Nuove rotte globali da conquistare

Angela Stefania Bergantino
08 aprile 2022

Il conflitto tra Russia e Ucraina è ufficialmente in corso dall’alba del 24 febbraio ma ha radici molto più profonde, anche precedenti all’annessione, nel 2014, della Crimea da parte della Federazione Russa e alla guerra a bassa intensità nella regione ucraina del Donbass. Gli effetti del conflitto sull’economia mondiale non hanno tardato a manifestarsi: il blocco degli spazi aerei con l’interdizione dei voli russi da gran parte dell’Occidente e viceversa, il crollo del rublo conseguente all’esclusione della Russia dallo SWIFT, l’aumento dei prezzi del carburante, il calo del 56% per il settore import russo e del 28% per il settore retail e l’incremento del 20% dei tempi di viaggio delle merci sono solo le prime conseguenze del conflitto destinato ad avere effetti almeno di medio periodo.

 

Impatto sulle catene logistiche ed i trasporti

Uno dei settori particolarmente colpiti dal conflitto è quello logistico, che si ritrova nuovamente nel caos, dopo due anni di resilienza al forte stress causato dalla pandemia da Covid-19, in un momento in cui le economie dei Paesi maggiormente colpiti tentavano la risalita. Molte sono, infatti, le imprese europee delocalizzate tra Russia e Ucraina ed ingenti sono gli scambi commerciali che questi Paesi hanno con il resto del mondo. L’Ucraina è tra i Paesi con maggiori riserve minerarie (uranio, titanio, ferro, mercurio, ecc.) e il principale esportatore mondiale di olio di girasole, mais, patate e altri prodotti agricoli di prima necessità.

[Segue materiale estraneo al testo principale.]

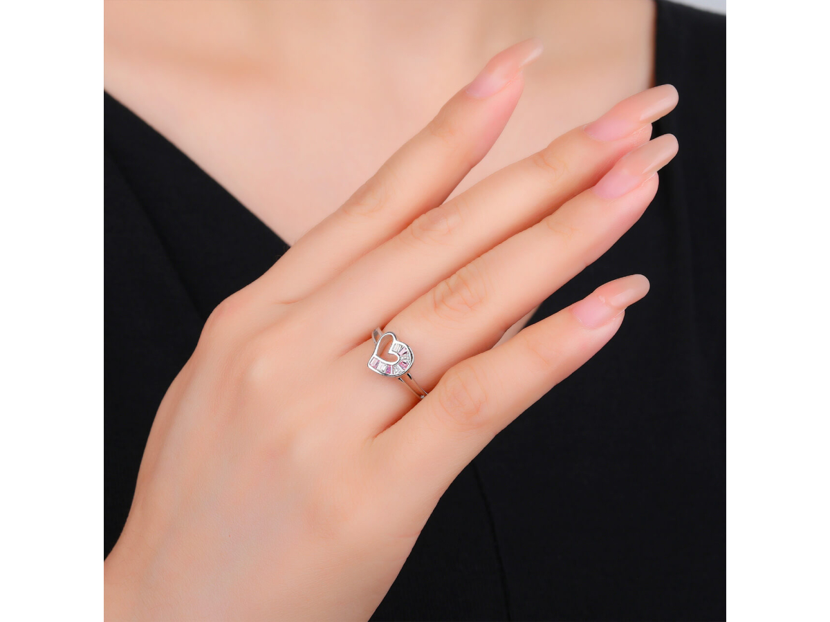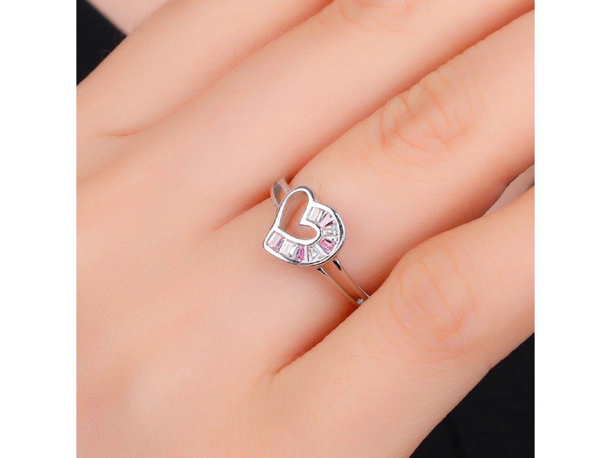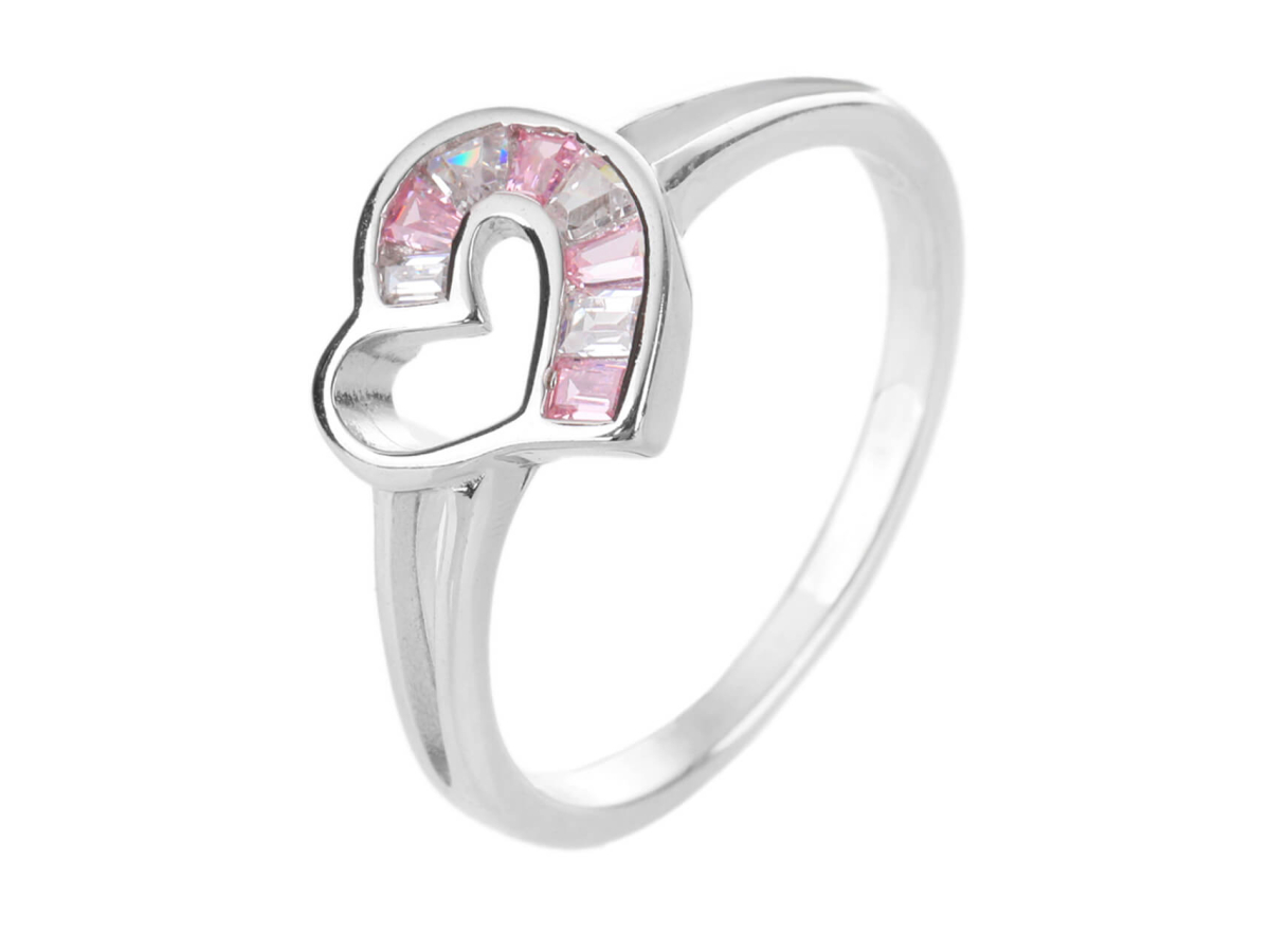 Stříbrný prsten SRDCE růžové Ag 925/1000

La Russia, come ampiamente noto, è leader nelle esportazioni di petrolio greggio e raffinato (prima del conflitto circa 185 miliardi di dollari di export), gas (26 miliardi di dollari) e grano (8,14 miliardi) e importa, prevalentemente da Cina, Germania, USA e Italia auto, velivoli spaziali, aerei, packaging, e cementi. Con riferimento all’Italia, in particolare, la Russia è un mercato importante per l’export in generale ma soprattutto per il segmento del lusso. A conferma di questa difficile situazione, il report del Centro Studi Assolombarda relativo alle tensioni su logistica e materie prime causate dal conflitto evidenzia significativi rincari dei prezzi delle materie prime (Figura 1).

 

Figura 1 - Aumenti dei prezzi delle materie prime

 

 

Il trasporto marittimo è messo a dura prova dal conflitto in atto. Il blocco dei porti ucraini di Odessa e Mariupol, resi ormai praticamente inutilizzabili dai bombardamenti e dalle mine, sta avendo pesanti ripercussioni nel traffico soprattutto con i porti adriatici italiani di Monfalcone, Porto Nogaro e Ravenna. Uno dei settori più gravemente colpiti dal blocco di Mariupol è quello del trasporto siderurgico italiano, a causa dell’interruzione dell’approvvigionamento di materiali dalle acciaierie ucraine, che nel 2021 hanno fornito all’Italia 5,2 milioni di tonnellate di semilavorati, ai quali vanno aggiunte le 3,4 milioni di tonnellate provenienti dalla Russia, anch’esse a rischio.

L’Autorità di Sistema Portuale di Ravenna ha dichiarato che nel 2021 delle 3.000 navi attraccate 500 provenivano dal Mar Nero, di cui 160 dalla Russia e 200 dall’Ucraina, rotte attualmente bloccate. In aggiunta a ciò, le principali compagnie di navigazione, MSC, Maersk, Hapag-Lloyd e Alleanza One, hanno tutte cancellato gli scali nei 67 porti russi, eccezion fatta per il trasporto di cibo, cure mediche e umanitarie.

Il trasporto marittimo è anche influenzato dall’aumento significativo dei premi assicurativi per navigare nel Mar Nero, che si ritrovano a dover coprire anche il rischio di guerra e navigazione in zone pericolose. Gli effetti del conflitto sui costi di spedizione delle merci sono significativi soprattutto per le zone limitrofe ai territori del conflitto e riguardano i noli per le petroliere di piccola taglia tra il Mar Nero e il Mar Mediterraneo, i cui prezzi nella settimana 21-28 marzo 2022 risultavano aumentati del 96% rispetto ai valori pre-Covid (Figura 2), ed i noli delle navi cargo di grano e cereali con rotte regionali che transitano per il Mar Nero, aumentati di oltre il 100% rispetto ai valori pre-Covid (Figura 3).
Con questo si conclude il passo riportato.